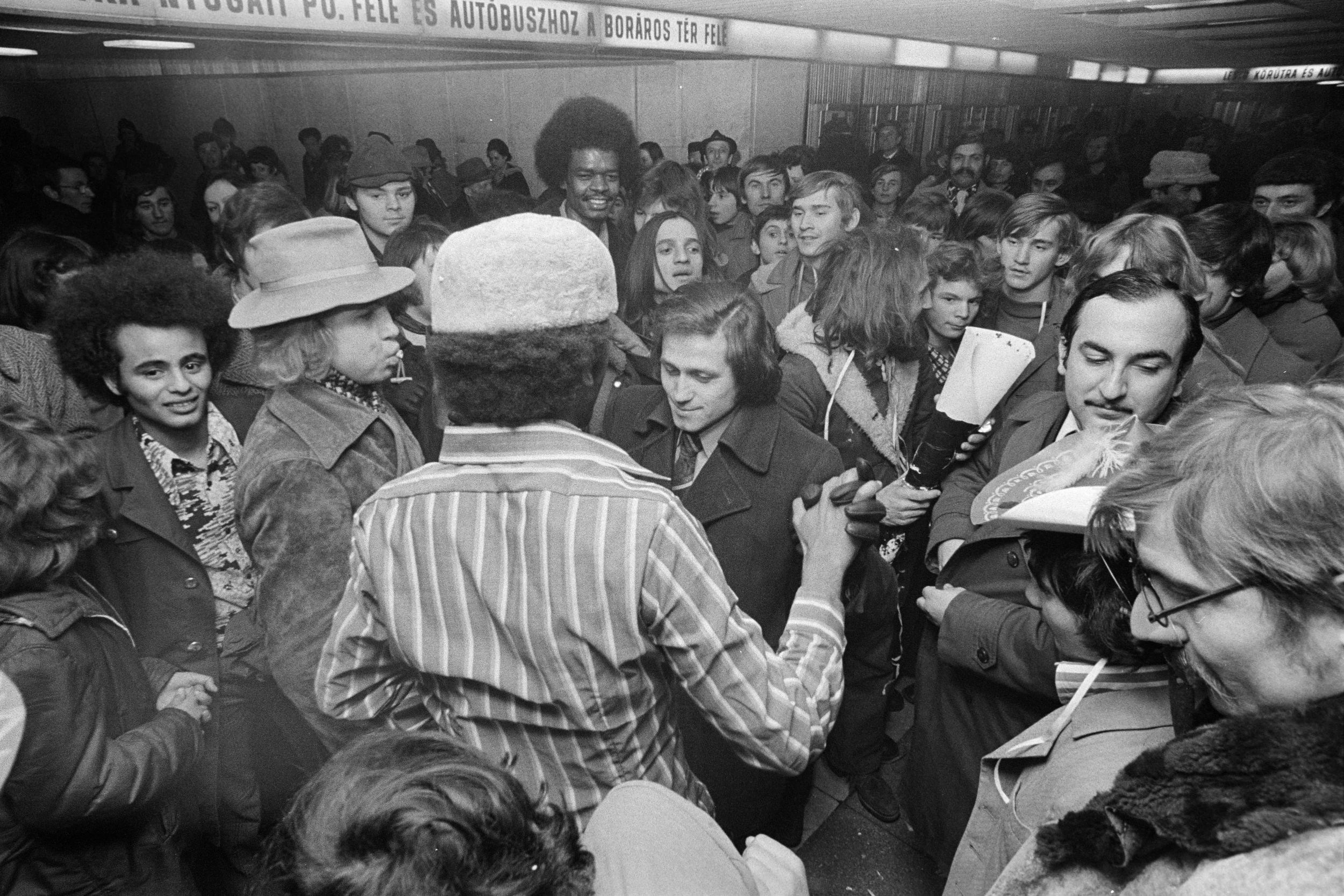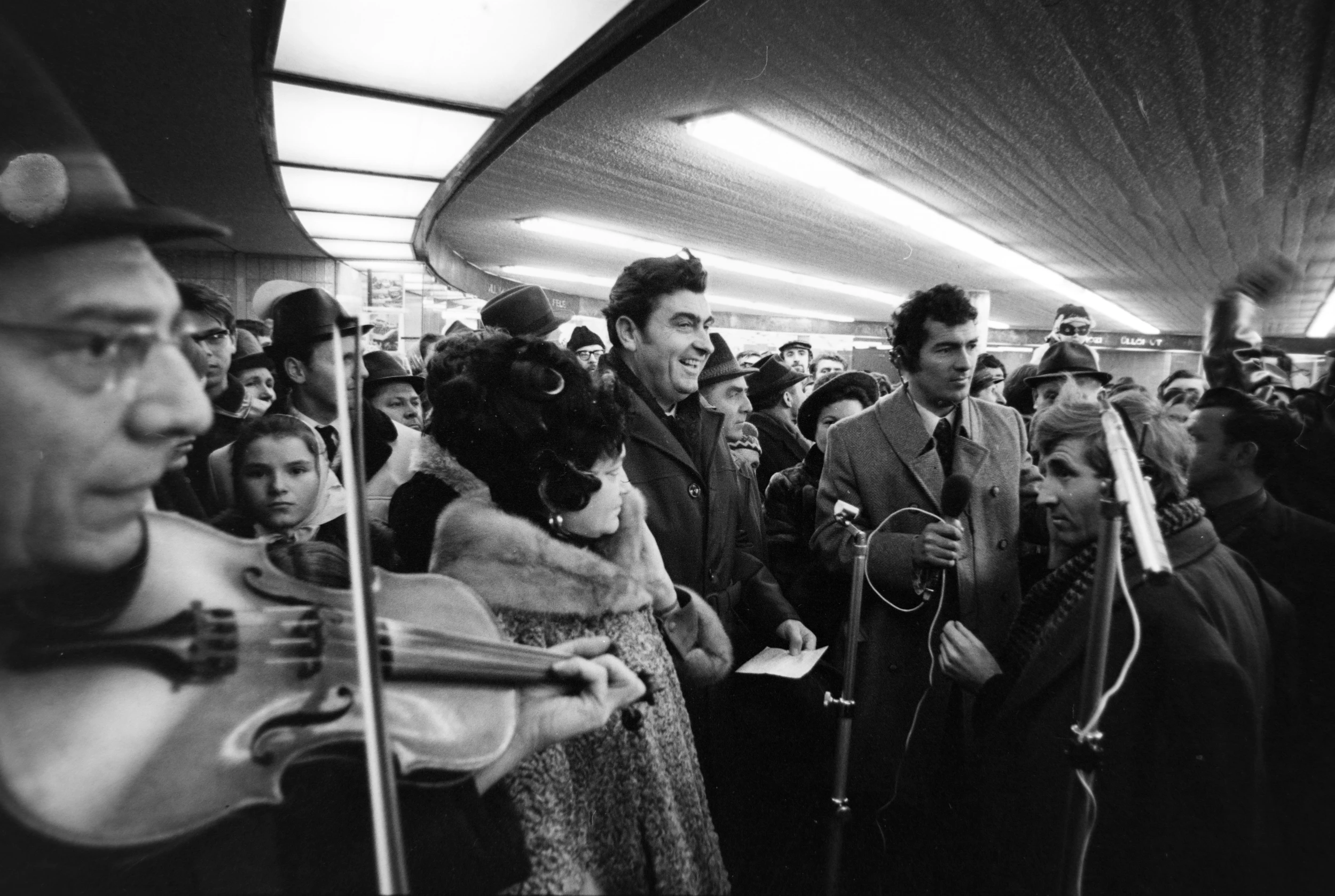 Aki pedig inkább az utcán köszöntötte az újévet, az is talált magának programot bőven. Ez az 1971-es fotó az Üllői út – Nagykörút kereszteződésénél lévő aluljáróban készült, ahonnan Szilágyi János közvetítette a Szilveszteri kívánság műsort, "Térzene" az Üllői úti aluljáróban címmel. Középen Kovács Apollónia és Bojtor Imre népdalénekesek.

---

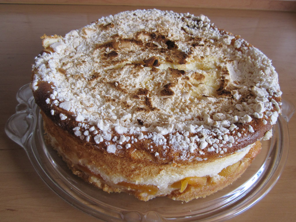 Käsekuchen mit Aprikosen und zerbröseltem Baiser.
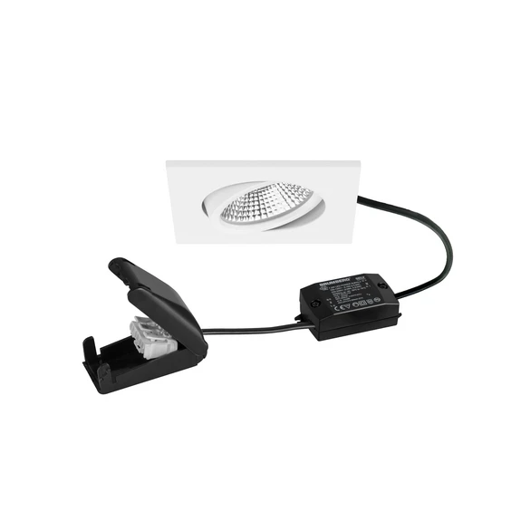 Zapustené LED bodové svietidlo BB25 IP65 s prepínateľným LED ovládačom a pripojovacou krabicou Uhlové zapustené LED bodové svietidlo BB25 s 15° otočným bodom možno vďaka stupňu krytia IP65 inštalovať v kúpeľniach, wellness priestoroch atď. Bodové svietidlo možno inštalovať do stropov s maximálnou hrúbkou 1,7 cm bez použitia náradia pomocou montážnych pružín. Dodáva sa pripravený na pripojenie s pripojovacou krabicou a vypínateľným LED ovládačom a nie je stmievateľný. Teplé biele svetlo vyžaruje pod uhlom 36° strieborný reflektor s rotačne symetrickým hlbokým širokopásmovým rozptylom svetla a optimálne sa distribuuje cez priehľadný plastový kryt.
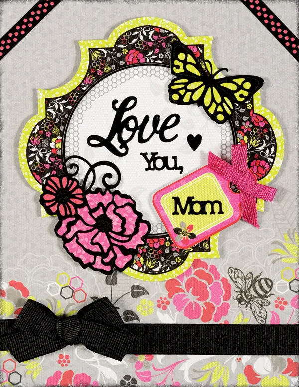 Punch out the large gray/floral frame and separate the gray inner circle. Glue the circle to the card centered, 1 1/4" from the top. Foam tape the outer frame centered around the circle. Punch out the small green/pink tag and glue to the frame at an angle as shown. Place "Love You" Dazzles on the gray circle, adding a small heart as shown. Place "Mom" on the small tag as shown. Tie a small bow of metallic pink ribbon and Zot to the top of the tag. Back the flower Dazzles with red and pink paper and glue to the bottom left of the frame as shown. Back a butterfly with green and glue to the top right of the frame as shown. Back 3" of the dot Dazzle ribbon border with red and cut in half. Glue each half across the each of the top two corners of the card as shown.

▶ **Task item**
Start at the line above containing "Käsekuchen mit Aprikosen" and stop at the line containing "Zapustené LED bodové svietidlo BB25 IP65": print those lines and everything between them exactly, but not the pictures.

▶ **Solution**
 Käsekuchen mit Aprikosen und zerbröseltem Baiser.
 Zapustené LED bodové svietidlo BB25 IP65 s prepínateľným LED ovládačom a pripojovacou krabicou Uhlové zapustené LED bodové svietidlo BB25 s 15° otočným bodom možno vďaka stupňu krytia IP65 inštalovať v kúpeľniach, wellness priestoroch atď. Bodové svietidlo možno inštalovať do stropov s maximálnou hrúbkou 1,7 cm bez použitia náradia pomocou montážnych pružín. Dodáva sa pripravený na pripojenie s pripojovacou krabicou a vypínateľným LED ovládačom a nie je stmievateľný. Teplé biele svetlo vyžaruje pod uhlom 36° strieborný reflektor s rotačne symetrickým hlbokým širokopásmovým rozptylom svetla a optimálne sa distribuuje cez priehľadný plastový kryt.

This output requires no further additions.